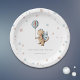 Niedliche Aquarellfarben Erstgeburtstag Party Papier Teller mit einem Drachen mit einem blauen Ballon, wo die Zahl 1 in einer koordinierten braunen Farbe. Die Nummer kann auch personalisiert werden. Illustriert und entworfen von Patricia Alvarez.
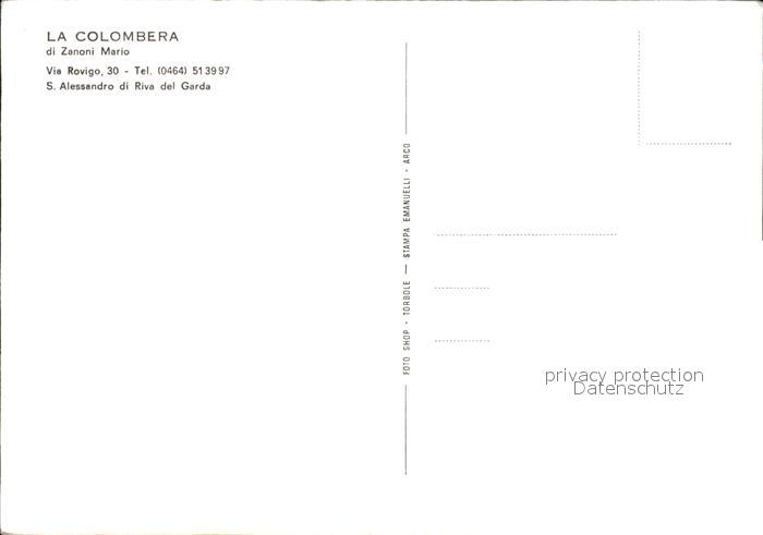 Riva del Garda La Colombera Restaurant postalisch nicht gelaufen Erhaltung siehe scans [LiesaD40]
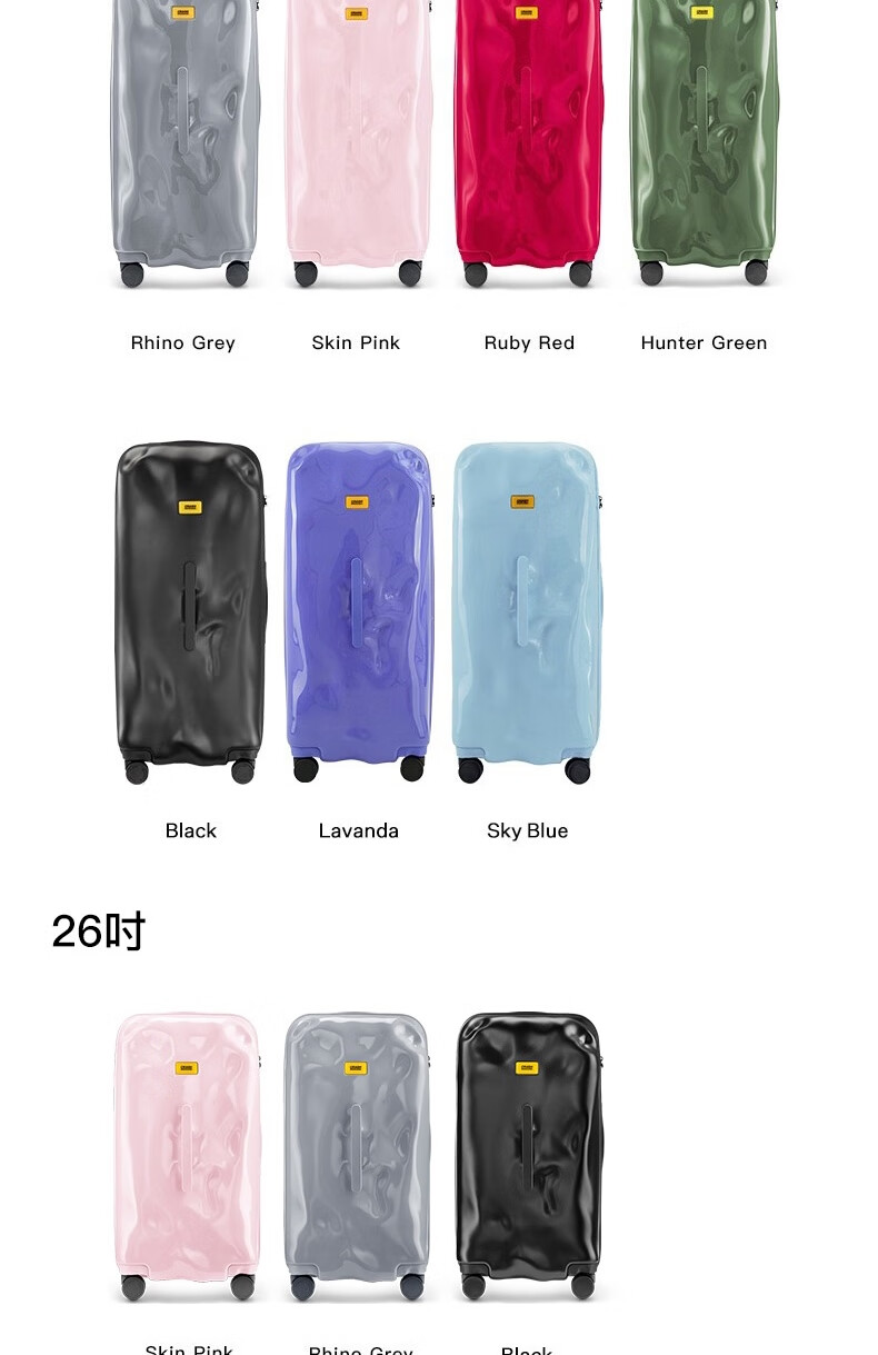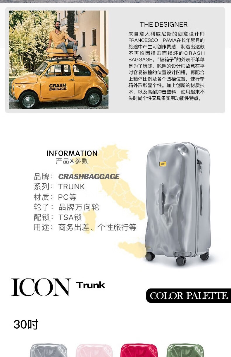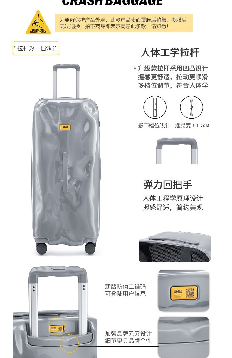 CRASH BAGGAGE Italian concave and convex suitcases, boarding cases, trolley cases for men and women, Trunk series, glossy gray 26 inches
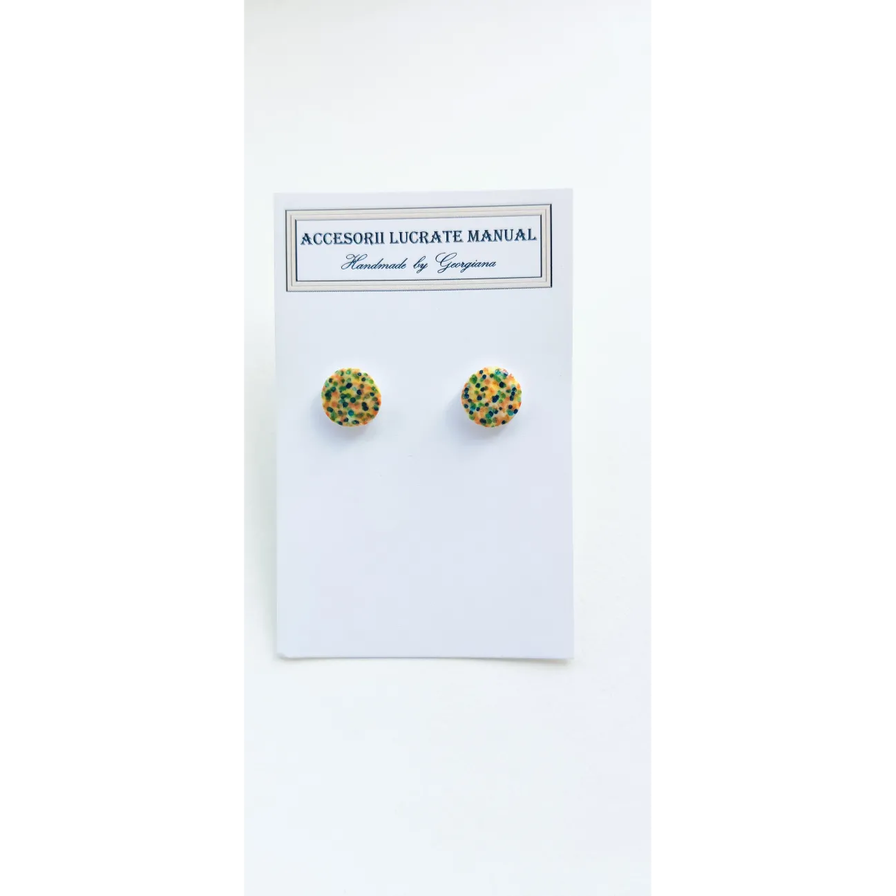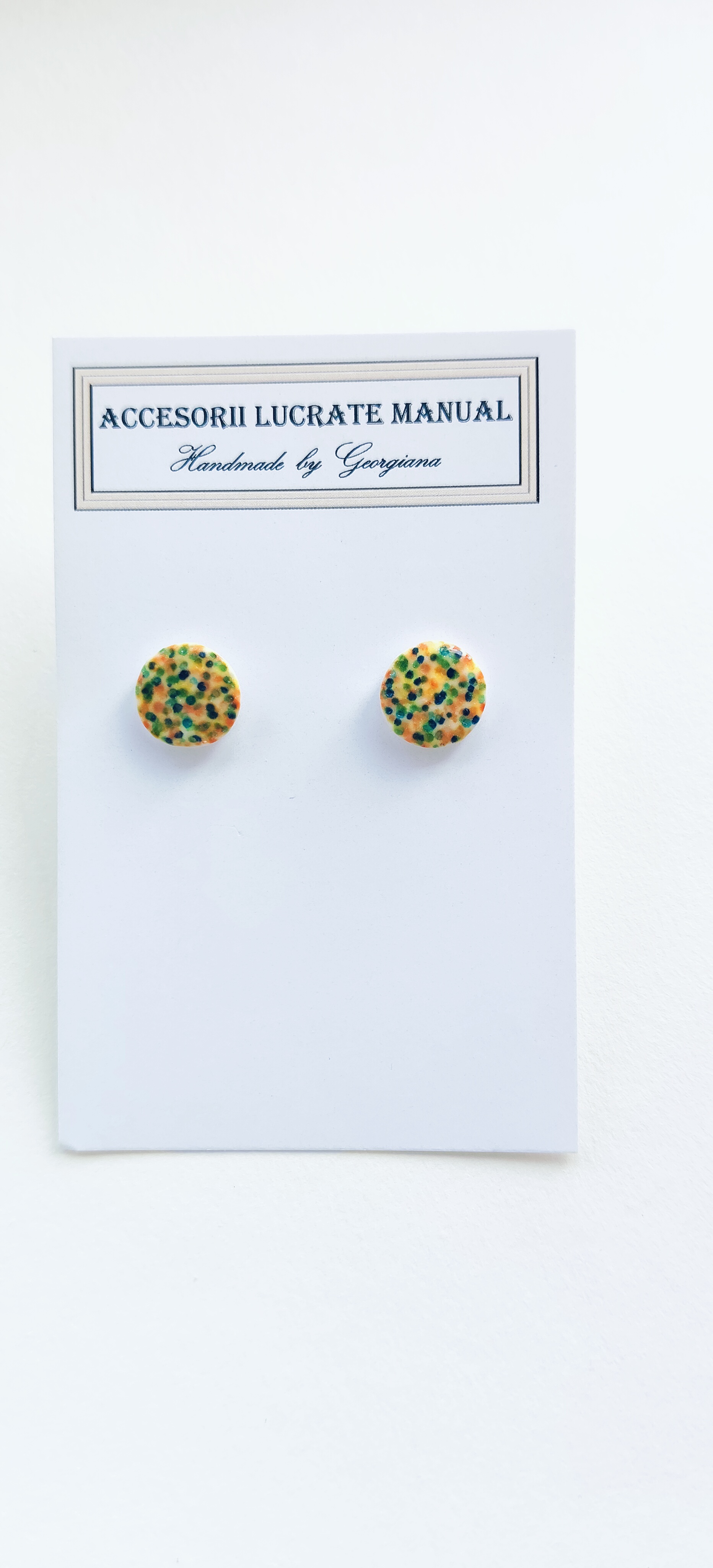 Cercei realizați manual din lut polimeric,lăcuiți cu rășina uv și accesorii din oțel inoxidabil.
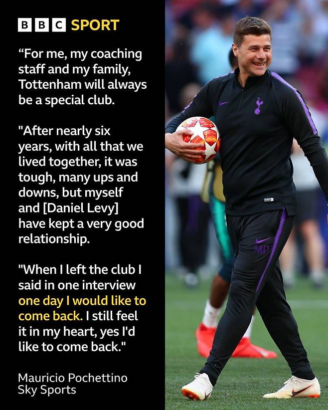 영국 매체 '스카이스포츠'는 19일(이하 한국시간) "포체티노가 토트넘으로 돌아오고 싶어 한다"고 보도, 그의 인터뷰를 인용하며 많은 팬을 놀라게 만들었다.
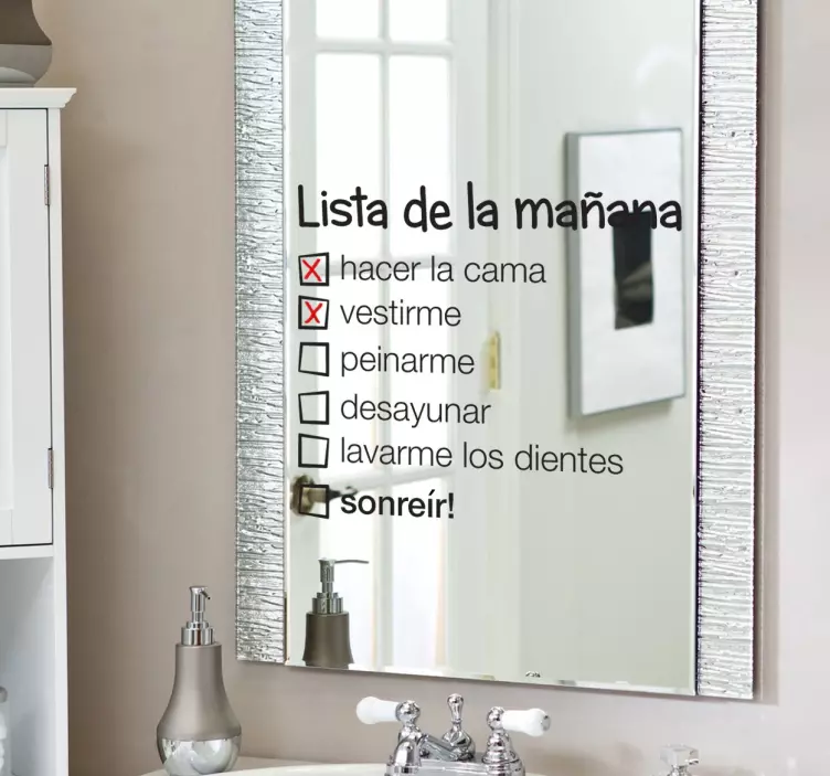 Referencia: A7207Listado de las tareas básicas que debes hacer antes de empezar la jornada. Márcate con una cruz los objetivos que vayas superando como hacer tu cama, vestirte, peinarte, desayunar o lavarte los dientes. Y recuerda algo importantísimo, algo vital para que el día sea mejor: sonreir y ser feliz. Un original vinilo de texto. Elige las medidas y los colores que mejor te vayan y dale un punto de originalidad y diversión a tu aseo.
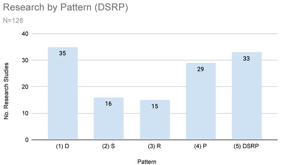 Cabrera’s 2021 review of research [12] builds upon two previous literature reviews [1,6], constitutes a proverbial “tip of the iceberg”, and is part of an accumulating body of evidence in support of the predictions made by DSRP Theory generally. Figure 1 shows the methodological distribution of this research and Figure 2 shows the distribution of these studies across DSRP pattern.
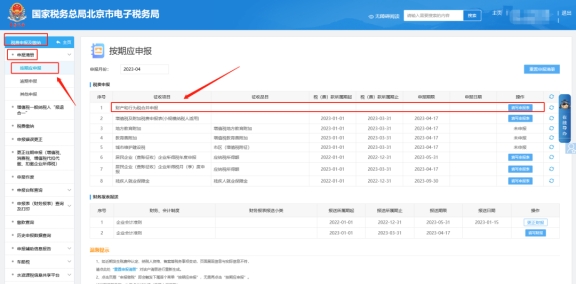 二、税费申报及缴纳—按期应申报—财产和行为税合并申报—点击填写申报表。
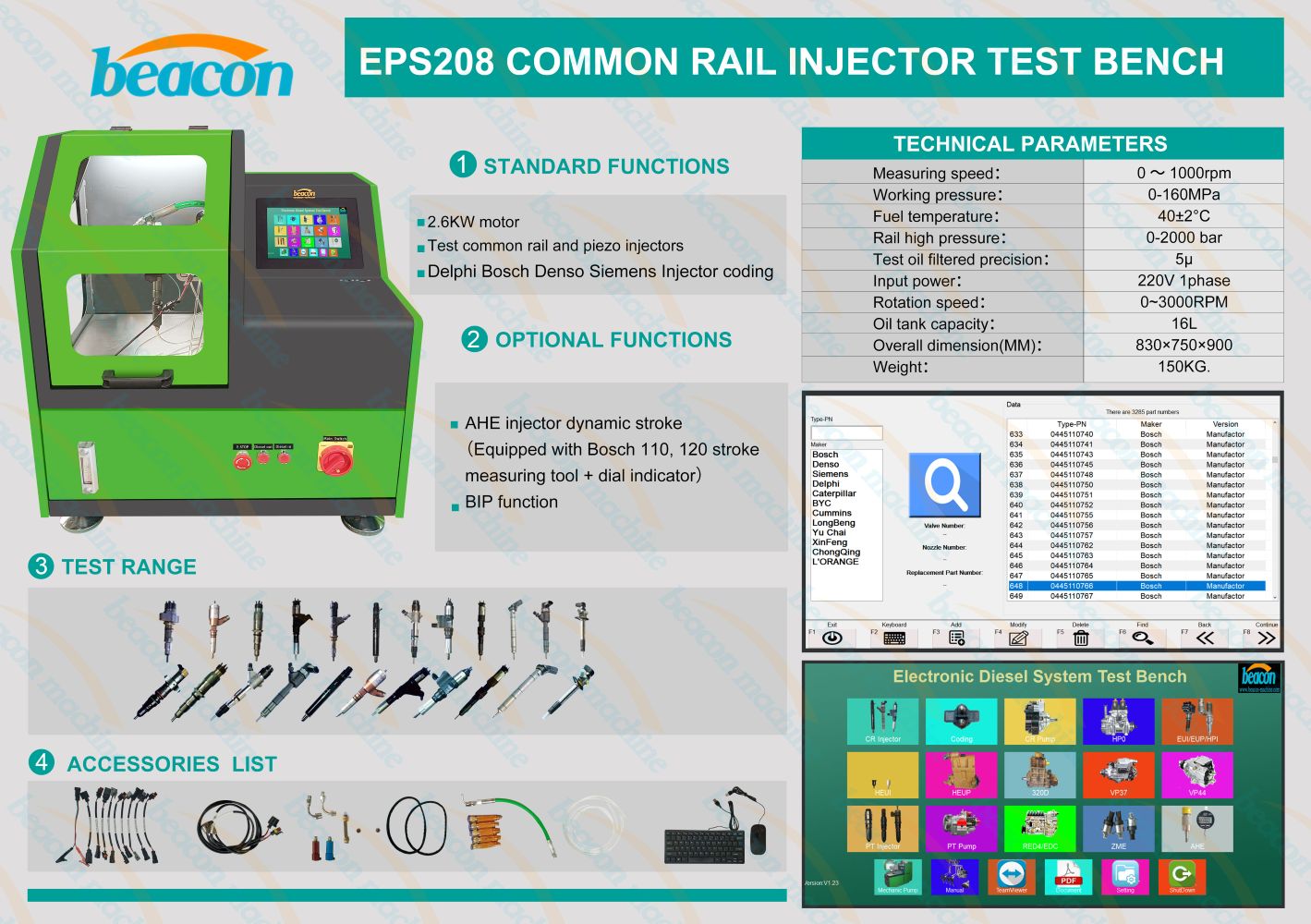 Испытательный стенд EPS208 для форсунок Common Rail может проверять все виды форсунок Common Rail и пьезоэлектрических форсунок Bosch, Denso, Delphi, Siemens, VOD и т. д., а также выполнять функцию кодирования форсунок
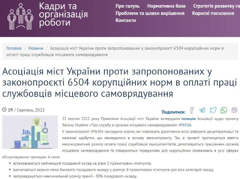 Ассоциация городов Украины увидела предпосылки для коррупции в законопроекте №6504, который должен ограничить зарплаты служащим местного самоуправления.
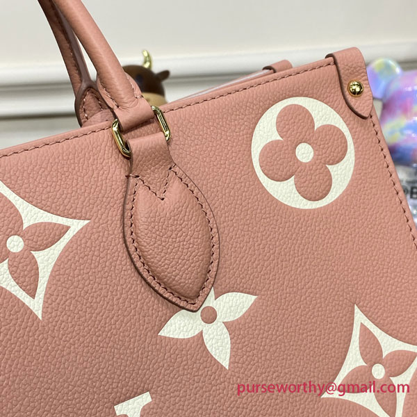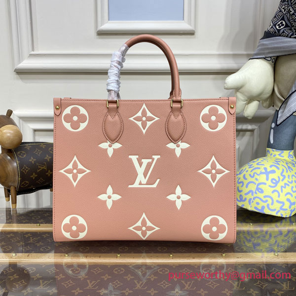 This OnTheGo MM tote bag is made from Monogram Enpreinte leather, with the Monogram Flowers and LVs in a cream color, embossed then printed on a pink background. Lined in a matching greige, this carryall is perfect for work or weekend. The OnTheGo offers both articulated top handles and long shoulder straps.

→ **REQUIRED ACTION**
Write out all the entries exactly, except for the pictures.

→ **ANSWER FOR THIS EXERCISE**
 Niedliche Aquarellfarben Erstgeburtstag Party Papier Teller mit einem Drachen mit einem blauen Ballon, wo die Zahl 1 in einer koordinierten braunen Farbe. Die Nummer kann auch personalisiert werden. Illustriert und entworfen von Patricia Alvarez.
 Riva del Garda La Colombera Restaurant postalisch nicht gelaufen Erhaltung siehe scans [LiesaD40]
 CRASH BAGGAGE Italian concave and convex suitcases, boarding cases, trolley cases for men and women, Trunk series, glossy gray 26 inches
 Cercei realizați manual din lut polimeric,lăcuiți cu rășina uv și accesorii din oțel inoxidabil.
 영국 매체 '스카이스포츠'는 19일(이하 한국시간) "포체티노가 토트넘으로 돌아오고 싶어 한다"고 보도, 그의 인터뷰를 인용하며 많은 팬을 놀라게 만들었다.
 Referencia: A7207Listado de las tareas básicas que debes hacer antes de empezar la jornada. Márcate con una cruz los objetivos que vayas superando como hacer tu cama, vestirte, peinarte, desayunar o lavarte los dientes. Y recuerda algo importantísimo, algo vital para que el día sea mejor: sonreir y ser feliz. Un original vinilo de texto. Elige las medidas y los colores que mejor te vayan y dale un punto de originalidad y diversión a tu aseo.
 Cabrera’s 2021 review of research [12] builds upon two previous literature reviews [1,6], constitutes a proverbial “tip of the iceberg”, and is part of an accumulating body of evidence in support of the predictions made by DSRP Theory generally. Figure 1 shows the methodological distribution of this research and Figure 2 shows the distribution of these studies across DSRP pattern.
 二、税费申报及缴纳—按期应申报—财产和行为税合并申报—点击填写申报表。
 Испытательный стенд EPS208 для форсунок Common Rail может проверять все виды форсунок Common Rail и пьезоэлектрических форсунок Bosch, Denso, Delphi, Siemens, VOD и т. д., а также выполнять функцию кодирования форсунок
 Ассоциация городов Украины увидела предпосылки для коррупции в законопроекте №6504, который должен ограничить зарплаты служащим местного самоуправления.
 This OnTheGo MM tote bag is made from Monogram Enpreinte leather, with the Monogram Flowers and LVs in a cream color, embossed then printed on a pink background. Lined in a matching greige, this carryall is perfect for work or weekend. The OnTheGo offers both articulated top handles and long shoulder straps.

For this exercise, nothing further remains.